Celui-ci ne s’en doutait guère, étant, de nature, insouciant et peu méfiant, Il ne devait découvrir les méfaits de la police allemande de Paris, de la police politique en général, que lors de son accession au pouvoir, quelque vingt ans plus tard ! De plus il n’était pas franc-maçon — ce qui explique bien des choses — et quand on lui serrait le pouce de la main trois fois d’une certaine façon, il répondait en riant : « Ah nan, nan… je n’en suis pas ! »
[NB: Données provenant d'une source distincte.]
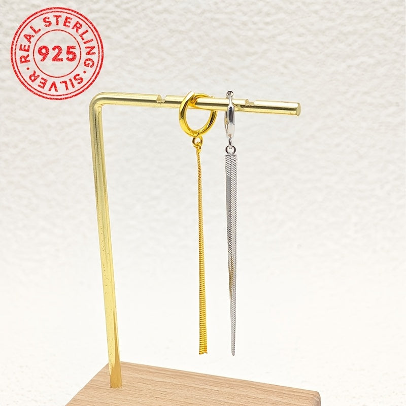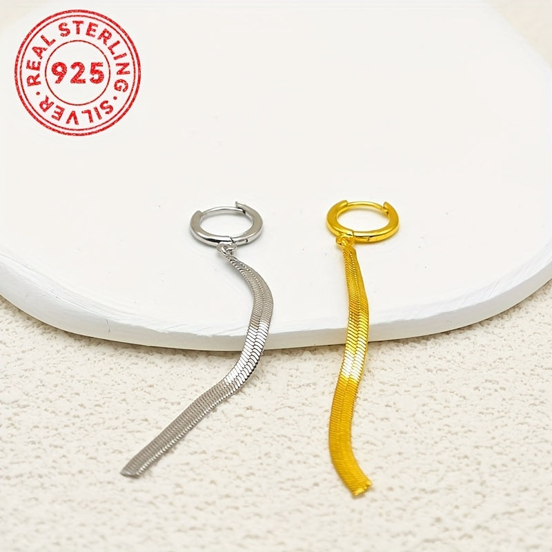 Add a touch of bohemian charm to your outfit with these versatile sterling silver snake chain tassel earrings. Inspired by Middle Eastern style, these earrings are perfect for casual attire.
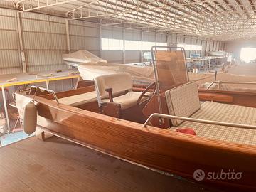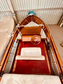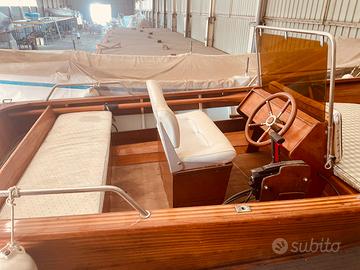 Scafo in mogano e frassino (lunghezza f.t. 5 mt) si porta in totale sicurezza e plana gia’ con motore 25 cv . Complementi e attrezzatura optional compresi nel prezzo:
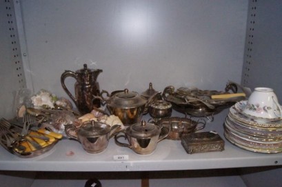 coffee/tea pots, saucers, vintage cutlery, qty of shells -

L’infériorité des généraux du Second Empire par rapport aux généraux allemands l’avait beaucoup frappé et il en avait cherché la raison. N’était-ce pas que la pépinière des seconds était luthérienne, c’est-à-dire douée d’esprit critique, alors que la pépinière des premiers était rue des Postes, chez les Jésuites. Dans son enfance et sa jeunesse, Clemenceau avait entendu parler avec horreur des disciples de saint Ignace et de leurs monita secreta. Au Quartier Latin il avait retrouvé le même préjugé, grossi de Michelet et de Quinet, das les milieux médicaux. Il se créait facilement des marottes et des obsessions. Aucun doute, c’était le cléricalisme qui nous avait fait perdre la guerre de 1870. Ce qui importait, pour la revanche, c’était de confier autant que possible le haut commandement à des hommes de gauche, où du moins affranchis des superstitions romaines. Ces hommes, il s’agissait de les dénicher et de les pousser.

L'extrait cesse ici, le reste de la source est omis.